The webpage has some unorthodox notation in the `awards_won` column.  Numbers in parentheses represent honorary awards.  We are only concerned with the awards won versus awards nominated. Let's look at an example:

In [30]:
awards_df.loc[awards_df['film_name'] =='Toy Story']

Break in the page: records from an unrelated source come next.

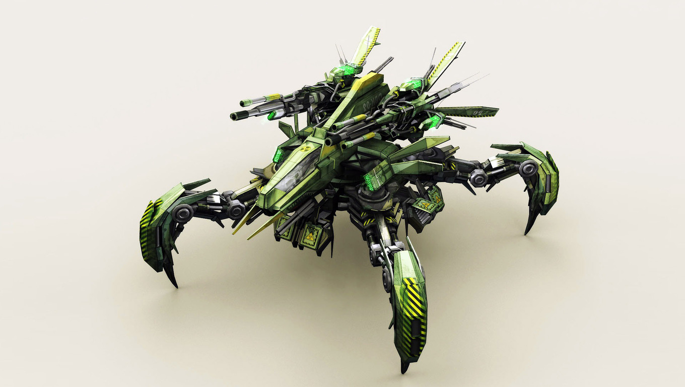 Description: A green and black robot like object on a white background with a shadow of the robot on the ground.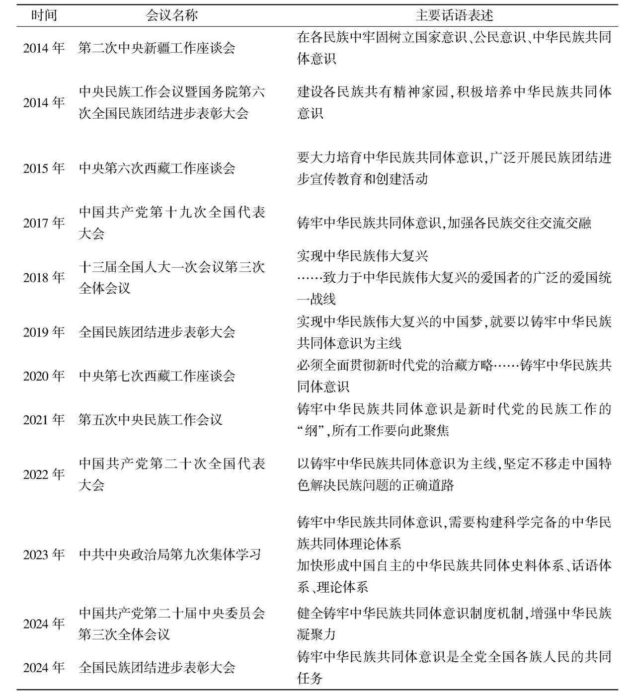 表1 铸牢中华民族共同体意识政策话语生成中的主要话语表述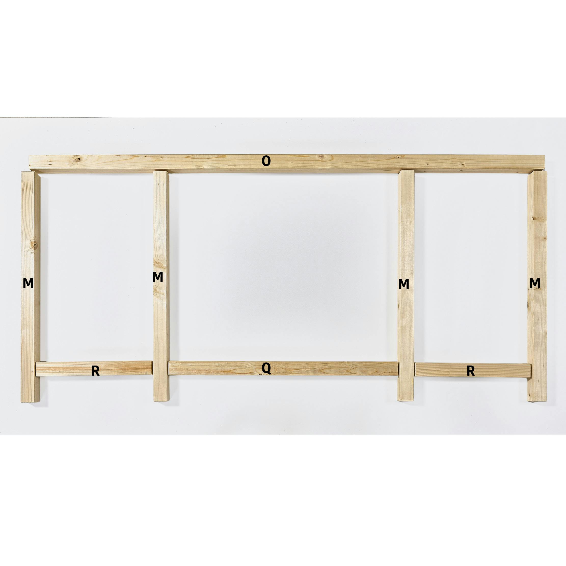 Nå kan du sette sammen hoveddelene. Lag først de to brede sidene til det store understellet. Den ene siden består av fire lange bein (M), en lang overligger (O), en lang forbinder (Q) og to mellomlange forbindere (R). Alle sammenføyninger gjøres på samme måte, det vil si først plugger og lim og deretter en 5 x 80 mm skrue fra motsatt side, som proppes igjen hvis den er synlig.

Unnamed: 0,film_name,film_year,awards_won,awards_nominated
364,Toy Story,1995,0 (1),3


In [31]:
awards_df['awards_won'] = awards_df['awards_won'].map(lambda x: x[0])
#let's grab the first element of the string

In [32]:
#Check to see that it worked
awards_df.loc[awards_df['film_name'] =='Toy Story']

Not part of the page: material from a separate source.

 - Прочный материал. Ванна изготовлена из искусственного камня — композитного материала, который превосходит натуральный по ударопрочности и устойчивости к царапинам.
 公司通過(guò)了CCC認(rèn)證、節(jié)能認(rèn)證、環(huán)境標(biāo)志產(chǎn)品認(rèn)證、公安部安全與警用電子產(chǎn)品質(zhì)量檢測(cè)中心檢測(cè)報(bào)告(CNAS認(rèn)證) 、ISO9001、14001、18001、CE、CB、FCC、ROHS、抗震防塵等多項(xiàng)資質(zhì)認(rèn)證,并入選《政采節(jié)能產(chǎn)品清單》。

Unnamed: 0,film_name,film_year,awards_won,awards_nominated
364,Toy Story,1995,0,3


In [33]:
#convert awards_won to integers
awards_df['awards_won'] = awards_df['awards_won'].astype(int)

In [34]:
#Three movies in the list won 10 or more awards so let's correct those rows
awards_df.loc[(awards_df['film_name'] == 'Titanic') & (awards_df['film_year'] == '1997'), 'awards_won'] = 11
awards_df.loc[awards_df['film_name'] == 'The Lord of the Rings: The Return of the King', 'awards_won'] = 11
awards_df.loc[awards_df['film_name'] == 'West Side Story', 'awards_won'] = 10

In [37]:
#awards_nominated has a few rows we will need to clean up as well
#our code also captured a footnote on some of the rows
awards_df.loc[awards_df['film_name'] =='Sunrise']

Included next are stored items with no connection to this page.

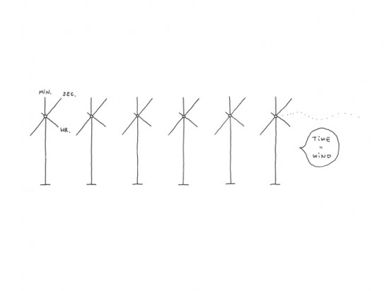上の写真のように複数の時計を一列に並べ、ピタリと同じ時を刻み続けることで風車が並ぶ丘のような風景になることを想定してつくられました。
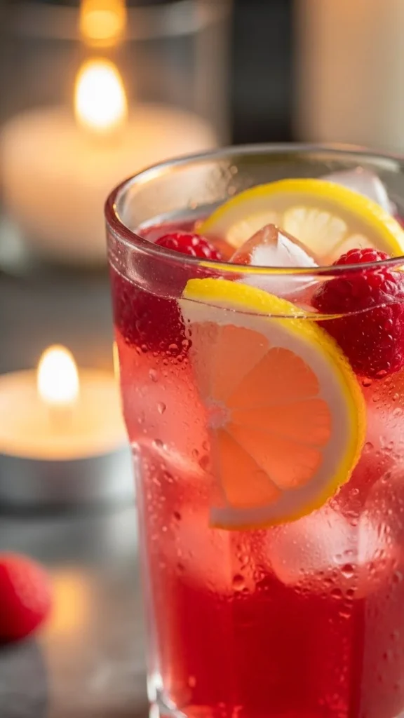 This mocktail blends raspberries with lemonade to create a sweet yet tangy drink that feels cheerful and romantic. The bright pink color makes it especially fitting for Valentine celebrations.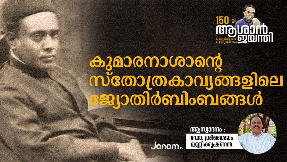 സൂര്യസ്തവങ്ങളെന്നു പേരിട്ടുവിളിക്കാവുന്ന കൃതികളൊന്നും തന്നെ കുമാരനാശാൻ രചിച്ചിട്ടില്ല. എന്നിരുന്നാലും സ്തോത്രകാവ്യങ്ങളിൽ പലതിലും സൂര്യനെക്കുറിച്ചുള്ള ആദരവും ഭക്തിയും കലർന്ന പരാമർശങ്ങൾ ധാരാളം കടന്നുവരുന്നുണ്ട്. ആത്മീയചൈതന്യത്തെ കുറിക്കുവാനും ഗുരുസങ്കല്പത്തെ ആവിഷ്കരിക്കുവാനും പ്രപഞ്ചവിധാനത്തെ വ്യക്തമാക്കുവാനും സ്തോത്രങ്ങളിൽ ശ്രമിക്കുമ്പോഴൊക്കെ പ്രകാശബിംബങ്ങൾ വന്നു നിറയുന്നുണ്ട്. വേദോപനിഷത്തുകളിലും പുരാണങ്ങളിലും സൂര്യനുമായി ബന്ധപ്പെട്ടു സൂചിതമായ സങ്കല്പങ്ങൾ കുമാരനാശാൻ ഔചിത്യപൂർവ്വം സ്വാംശീകരിച്ചിട്ടുമുണ്ട്. അദ്ദേഹത്തിന്റെ സ്തോത്രകാവ്യങ്ങളിലൊക്കെത്തന്നെ സൂര്യാസ്പദമായ ഒരു പ്രകൃതിദർശനവും കണ്ടെത്താനാവുന്നു. പ്രകൃത്യുപാസന ഈശ്വരോപാസനയുടെ തലത്തിലേക്ക് ഉയരുന്ന വേളയിലൊക്കെ കേവലമൊരു പ്രകൃതിപ്രതിഭാസത്തിന്റെ നിലവിട്ട് പ്രത്യക്ഷദൈവതമായി സൂര്യൻ സ്തോത്രങ്ങളിൽ ജ്വലിച്ചുനിൽക്കുന്നുണ്ട്. സൗരയൂഥത്തിന്റെ വൈവിധ്യമാർന്ന പരാമർശങ്ങളും പല സ്തോത്രങ്ങളിലുണ്ട്. സൂര്യനും ചന്ദ്രനും നക്ഷത്രരാശികളുമടങ്ങുന്ന പ്രപഞ്ചവ്യവസ്ഥയെക്കുറിച്ചുള്ള ഭാരതീയസങ്കല്പം തന്നെയാണ് കുമാരനാശാന്റെ സ്തോത്രകാവ്യങ്ങളിലും പ്രഭാവം ചെലുത്തിയിട്ടുള്ളത്. ഈ പ്രഭാവത്തിന്റെ പ്രത്യക്ഷനിദർശനങ്ങളായി സ്തോത്രകാവ്യങ്ങളിലെ സൂര്യബിംബങ്ങളെ കണക്കാക്കാനാവും. പവിത്രചൈതന്യം പ്രസരിപ്പിക്കുന്ന ആത്മീയബിംബങ്ങളാണ് സ്തോത്രകവനങ്ങളിലെ സൂര്യബിംബങ്ങൾ.

Unnamed: 0,film_name,film_year,awards_won,awards_nominated
1215,Sunrise,1927,3,4[10]


In [38]:
#10 films where awards_nominated needed to be cleaned up 

awards_df.loc[awards_df['film_name'] == 'Just Another Missing Kid', 'awards_nominated'] = '1'
awards_df.loc[awards_df['film_name'] == 'Amarcord', 'awards_nominated'] = '3'
awards_df.loc[awards_df['film_name'] == 'The Godfather', 'awards_nominated'] = '10' 
awards_df.loc[awards_df['film_name'] == 'A Christmas Carol', 'awards_nominated'] = '1'
awards_df.loc[awards_df['film_name'] == 'Limelight', 'awards_nominated'] = '1'
awards_df.loc[awards_df['film_name'] == "A Midsummer Night's Dream", 'awards_nominated'] = '4'
awards_df.loc[awards_df['film_name'] == 'An Occurrence at Owl Creek Bridge', 'awards_nominated'] = '1'
awards_df.loc[awards_df['film_name'] == 'The Rains Came', 'awards_nominated'] = '6'
awards_df.loc[awards_df['film_name'] == 'Sunrise', 'awards_nominated'] = '4'
awards_df.loc[awards_df['film_name'] == 'The Wizard of Oz', 'awards_nominated'] = '6'

awards_df.loc[awards_df['film_name'] =='Sunrise']

Unnamed: 0,film_name,film_year,awards_won,awards_nominated
1215,Sunrise,1927,3,4


In [39]:
awards_df['awards_nominated'] = awards_df['awards_nominated'].astype(int)

In [40]:
#create a new column called win_rate which is equal to awards_won/awards_nominated
awards_df['win_rate'] = round(awards_df['awards_won'] / awards_df['awards_nominated'], 3)

In [41]:
awards_df.head(20)

Unnamed: 0,film_name,film_year,awards_won,awards_nominated,win_rate
0,Parasite,2019,4,6,0.667
1,Ford v Ferrari,2019,2,4,0.5
2,Learning to Skateboard in a Warzone (If You're...,2019,1,1,1.0
3,The Neighbors' Window,2019,1,1,1.0
4,Little Women,2019,1,6,0.167
5,Marriage Story,2019,1,6,0.167
6,Jojo Rabbit,2019,1,6,0.167
7,Toy Story 4,2019,1,2,0.5
8,Joker,2019,2,11,0.182
9,Once Upon a Time in Hollywood,2019,2,10,0.2


In [42]:
#convert years to integer type
awards_df['film_year'] = awards_df['film_year'].astype(int)

In [43]:
awards_df.head(20)

Unnamed: 0,film_name,film_year,awards_won,awards_nominated,win_rate
0,Parasite,2019,4,6,0.667
1,Ford v Ferrari,2019,2,4,0.5
2,Learning to Skateboard in a Warzone (If You're...,2019,1,1,1.0
3,The Neighbors' Window,2019,1,1,1.0
4,Little Women,2019,1,6,0.167
5,Marriage Story,2019,1,6,0.167
6,Jojo Rabbit,2019,1,6,0.167
7,Toy Story 4,2019,1,2,0.5
8,Joker,2019,2,11,0.182
9,Once Upon a Time in Hollywood,2019,2,10,0.2


In [44]:
#Clean up the film titles 
awards_df['film_name'] = awards_df['film_name'].map(lambda x: x.strip())

In [45]:
awards_df.head(20)

Unnamed: 0,film_name,film_year,awards_won,awards_nominated,win_rate
0,Parasite,2019,4,6,0.667
1,Ford v Ferrari,2019,2,4,0.5
2,Learning to Skateboard in a Warzone (If You're...,2019,1,1,1.0
3,The Neighbors' Window,2019,1,1,1.0
4,Little Women,2019,1,6,0.167
5,Marriage Story,2019,1,6,0.167
6,Jojo Rabbit,2019,1,6,0.167
7,Toy Story 4,2019,1,2,0.5
8,Joker,2019,2,11,0.182
9,Once Upon a Time in Hollywood,2019,2,10,0.2


In [46]:
#save as a csv file
awards_df.to_csv('movie_awards.csv')

Now we've got three clean dataframes saved as csv files which we will import and use for analysis in a separate notebook.